We met broken infrastructures, neglected students and under-paid and demoralised teachers. My wife and I, together, have served for some 50 years in the education sector and we share the plight of teachers. We understand the needs of students and, more importantly, we know that teaching is more than just a job; it is a labour of love and devotion.

COMPUTER DISTRIBUTION
While salaries remained an issue on the table, President Granger tried to reach out to teachers by diverting the once blotched computer distribution scheme to include them. It is appreciated that in order to lift education standards, no teacher should be left behind.
Access to computers is indispensable for comprehensive education.

So, during the graduation exercises at the Corentyne Comprehensive Secondary and the New Amsterdam Multilateral schools, the Government included a dozen laptop computers among the prizes presented to the top graduates.

Special prizes were donated by the President, my Office and the Minister of Public Telecommunications who is at the head of the information and communications drive, to provide internet connectivity to all schools in Guyana. The students were excited to greet Minister Catherine Hughes – young, smart and enthusiastic.

WAVE OF THE FUTURE
I was therefore disappointed that the opposition chose not to ride on this wave of the future, by attending the ceremonies and applauding the successful students. At both schools the PPP instead dropped off just over two dozen protestors in an attempt to disrupt the graduation ceremonies. The picketers were re-cycled from one school to the other. Oblivious to the tragedy of “deviding” our students, one of the picket-bearers carried Mr. Jagdeo’s own favourite dunce picket as if to punctuate the assault on the schools with an attack on spelling.

The chant, again, was about rigging. I found it funny that Mr. Jagdeo should try to take this folly to Berbice, my own home county. Berbicians know too well how he engineered rigging of party elections to oust me from the PPP leadership; how he rigged the process for the selection of a presidential candidate for the 2011 elections; how he resisted a secret ballot after I had walked, to frustrate any chance that the eminently qualified Ralph Ramkarran could be the candidate.

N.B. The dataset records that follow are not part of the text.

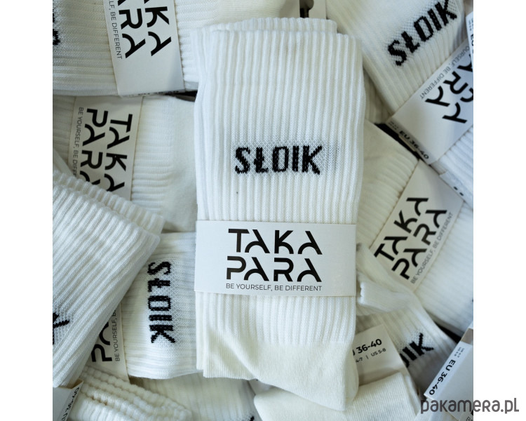 Nasze białe skarpetki Słoik są idealnym wyborem dla tych, którzy chcą dodać swojemu stylowi odrobiny warszawskiego humoru. Termin słoik, będący regionalizmem warszawskim, określa osobę przybyłą do stolicy z innych części Polski, często wracającą do rodzinnego domu z słoikami pełnymi jedzenia. To określenie, wzięte z codziennej obserwacji mieszkańców Warszawy, stało się sympatycznym, choć nieco figlarnym symbolem lokalnej kultury. Skarpetki te, wykonane z miękkiej i wytrzymałej bawełny w technologii 200 igieł, gwarantują nie tylko trwałość, ale również niezrównany komfort noszenia. Ich oryginalny design z pewnością przyciągnie uwagę i będzie świetnym tematem do rozmów. Czy to w pracy, czy podczas weekendowych wyjść, skarpetki Słoik dodadzą Twojemu strojowi wyjątkowego charakteru, jednocześnie podkreślając Twoje związki z Warszawą lub sympatię do jej unikalnych mieszkańców. Idealne jako prezent dla przyjaciela lub dla siebie, aby świętować różnorodność i kreatywność życia w stolicy Polski.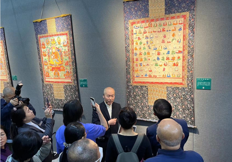 北京藏医院刘英华研究员为嘉宾介绍藏医唐卡展品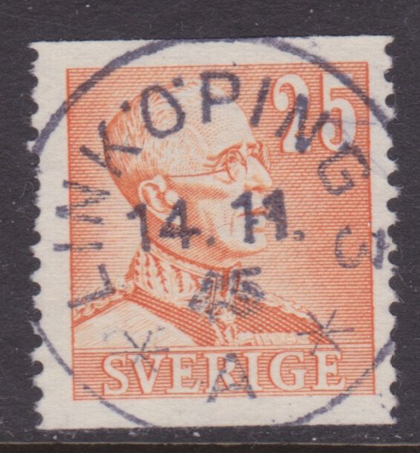 F277 25 öre Gustaf V profil höger, Linköping 3 14.11.45 * A vacker-prakt |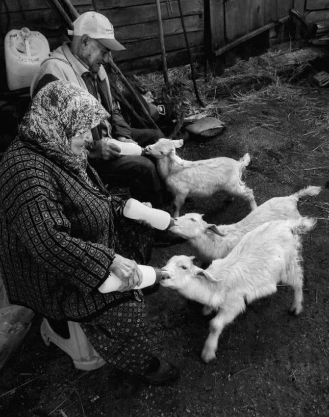 Семейный подряд: он держит улыбку, она держит ритм, козлята держат курс на обед. В этом дворе нет Wi-Fi, но связь идеальная — от ладони к мордочке. Секрет прост: молоко тёплое, шутки добрые, день идёт правильно.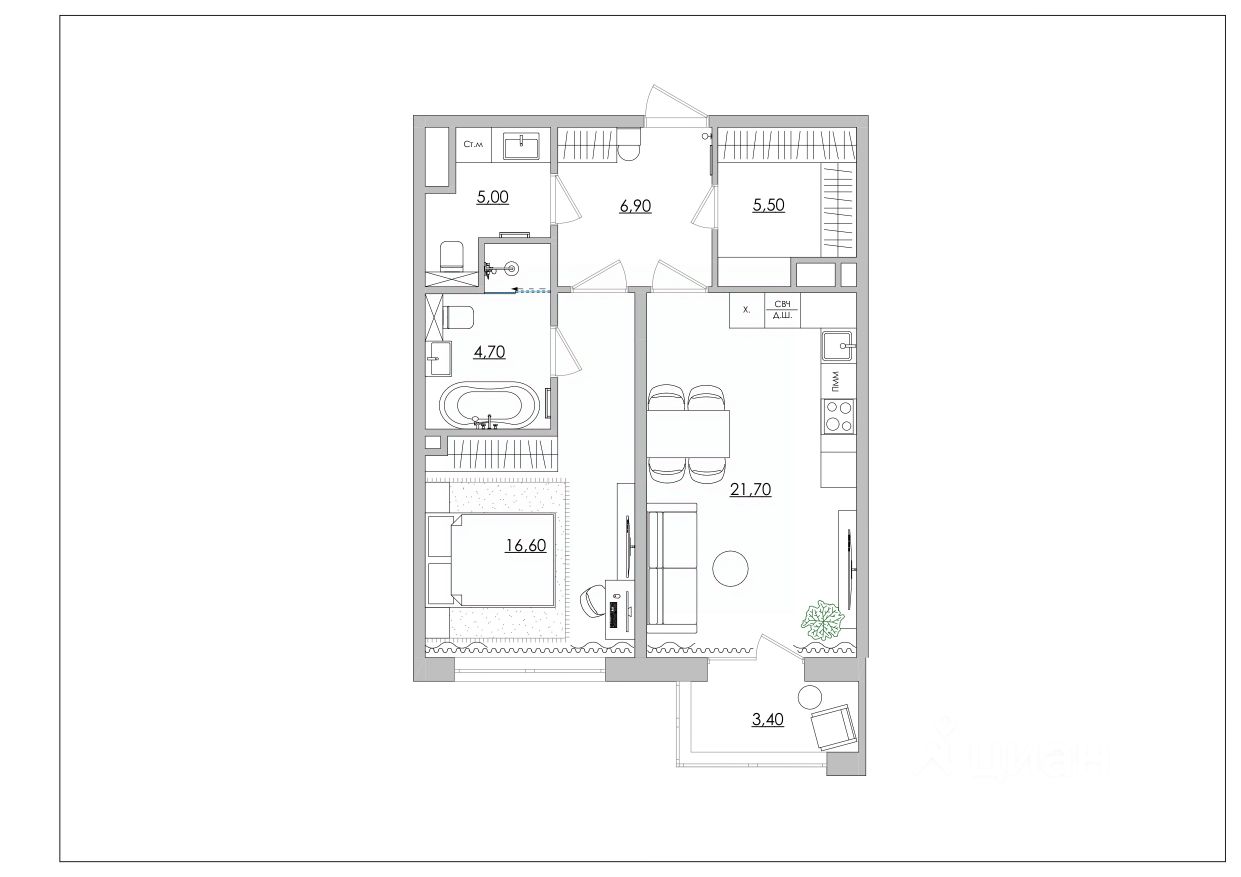 2. Зонирование "Публичное / Приватное": Квартира четко разделена. Гостиная и гостевой санузел находятся в одной части, а спальня с личной ванной — в другой. Вы можете принимать гостей, сохраняя свою спальню в полной неприкосновенности.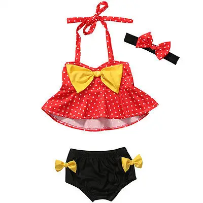 Лето 2017 г. маленьких Обувь для девочек От 1 до 4 лет Танкини комплект бикини Купальники для малышек Dot печати лук купальный костюм Пляжная оде...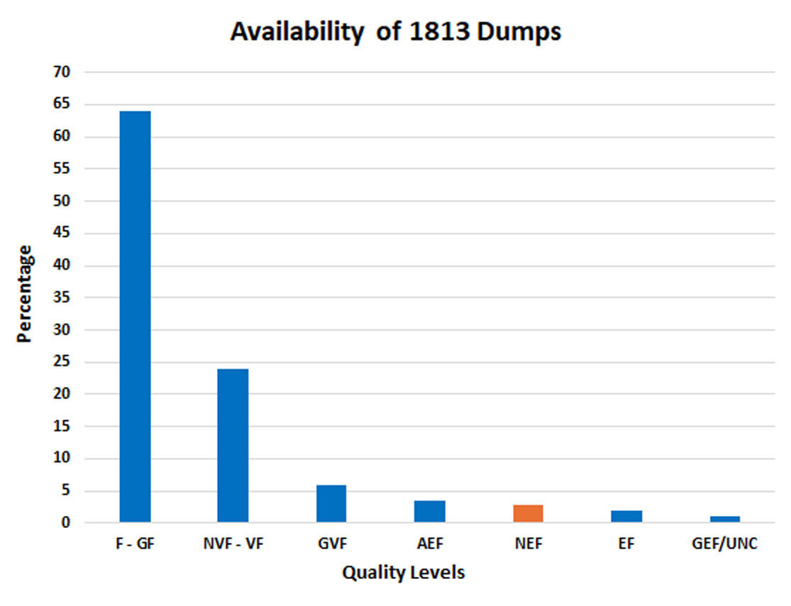Every circulated coin has a grading level at which serious rarity kicks in. That is the point at which the balance between acquiring a coin as a collectible - and as an investment - shifts more towards the latter. For the 1813 Colonial Dump that point is Good Very Fine.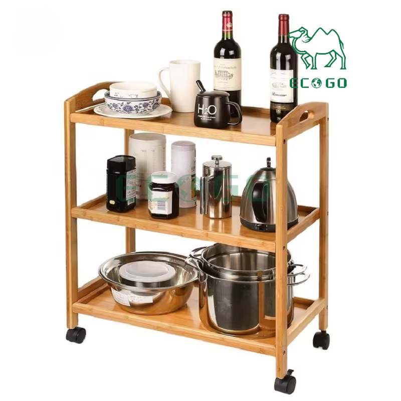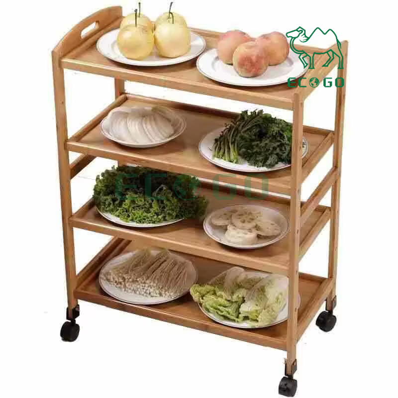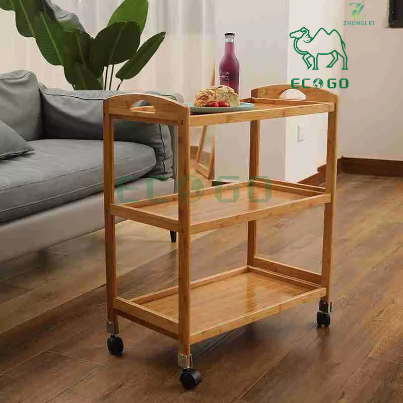 Small Living Room Side Cabinet Trolley Kitchen Serving Cart Food Cart Bamboo Dining Trolley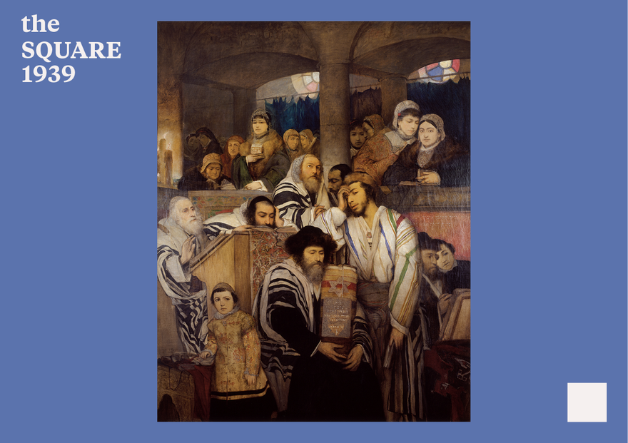 Karl Schwartz, the first director of the Museum, first saw the painting in a gallery in Berlin around 1913. Twenty-five years later, in 1938, he was thrilled to see it again at a private residence in Amsterdam. He was in the midst of a journey across Europe, visiting Jewish collectors in an attempt to persuade them to donate their collections to the Museum, not always successfully, but the case of Jews Praying in the Synagogue on Yom Kippur was one of his great successes. Sidney Lamon, the painting’s owner, a Zionist and a friend of Chaim Weizmann, was persuaded that it would be best for the work to be kept at the new museum in Tel Aviv. Accordingly, in July 1939 the painting arrived in Tel Aviv, and was ceremoniously hung on the first floor of the Museum. In many ways, it symbolizes the first stage in the history of the Museum: an academic painting, by a Jewish painter, about Jewish life in the Diaspora. In the ensuing phase of the Museum’s evolution, which focused on contemporary — particularly Israeli — art, Gottlieb’s painting represented for most local artists what they wanted to repress and get away from. How relevant has the painting been to generations of artists who have seen it on the Museum walls since 1939? Is the Jewish chapter of nineteenth-century art part of the story of art in Israel? Today, with the benefit of hindsight, long after the stormy conflict between Israeli and Jewish art, it behooves us first and foremost to admire the qualities of this monumental painting — and perhaps to consider its retrospective adoption as a venerable ancestor.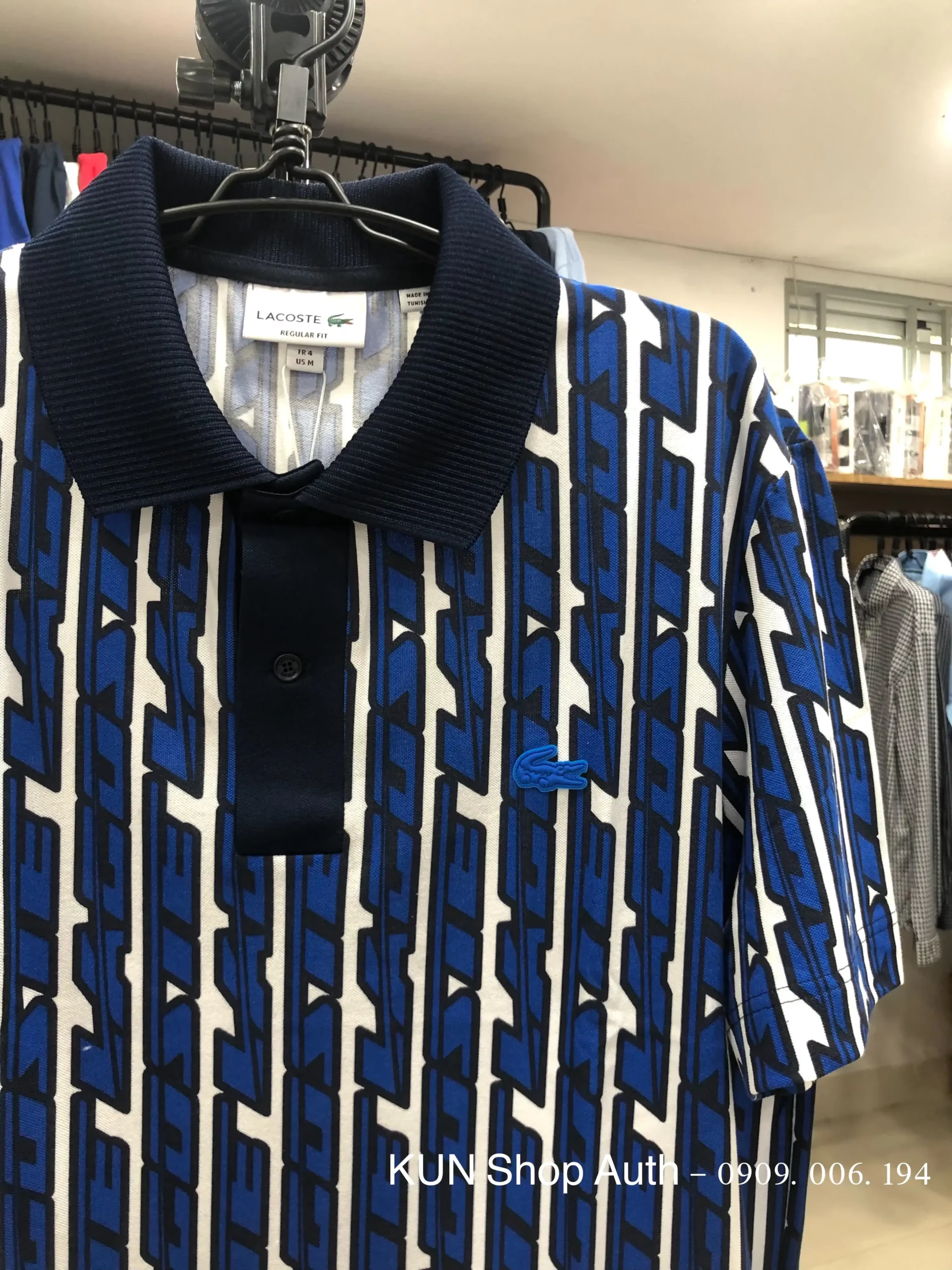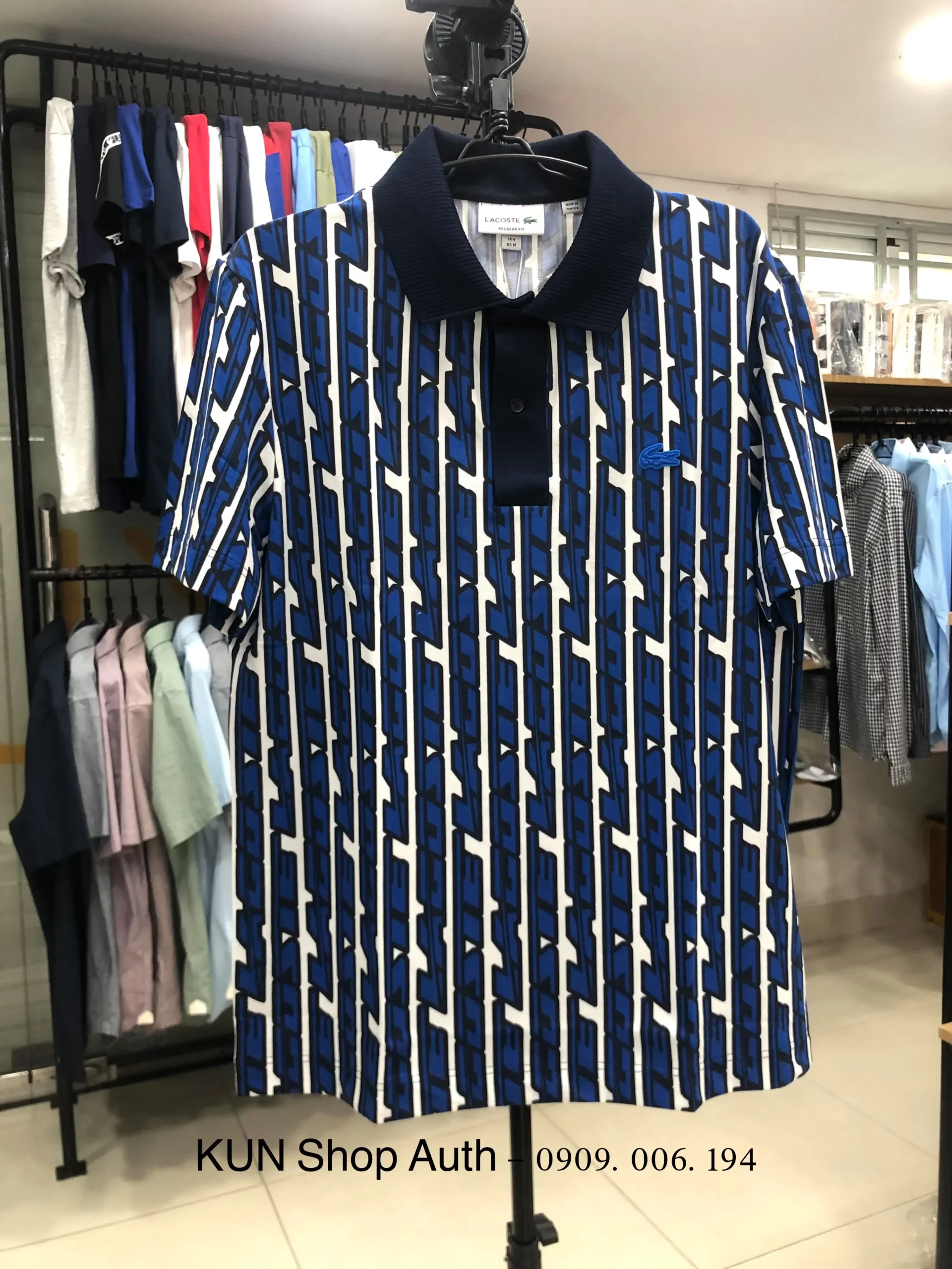 Lacoste polo REGULAR FIT hoạ tiết dòng chữ Lacoste chạy dọc khắp áo, logo cá sấu nhựa cùng màu áo, chất vải cotton 63% pha polyester 31% và 6% elastane

Berbicians know only too well that it was Jagdeo’s folly that caused the PPP to lose its majority in parliament in 2011 and that, coupled with “pervasive corruption,” resulted in the PPP’s defeat in the 2015 elections. “Rigging” therefore rings hollow in Berbice, which is why he resorted to a mobile picket, and the recycling of picketers.

LAST CARD
Many have since commented on his last political gambit as regards the appointment of the Chairman of the Guyana Elections Commission. But my final take is that he has become sour by his failure to rig the selection process. As I see it, the deadlock on the commission, is like high-risk poker. With three cards each from the PPP and the PNC, Jagdeo wanted his last card to be an ace, his ace, to be selected as chairman.

He could also have learned another deadly game — Russian Roulette, where five blanks and one live bullet are placed in the chamber of a gun. To win, the crazy player has to put the gun to his head, pull the trigger, and hope that he survived.

In the elections commission game, the opposition leader rigged the process. He gave President Granger a gun with five live bullets and one blank. Five out of six times, had President Granger not found the gun unacceptable, he would be dead – politically speaking.
So, there can be no merit in the use by Jagdeo of the appointment of a chairman in the manner that the President did, as a ruse to stir strife and ethnic hostility; or to unleash a domestic version of the PPP’s obscene “feral blast” in Parliament or elsewhere.

In Berbice, we witnessed a sad, pathetic contrast. While our students were celebrating their academic achievements as a ticket to a better future, the PPP mounted a picket to mourn the inevitable loss of power, again. Rightly so, students, teachers and parents ignored the recycled picketers.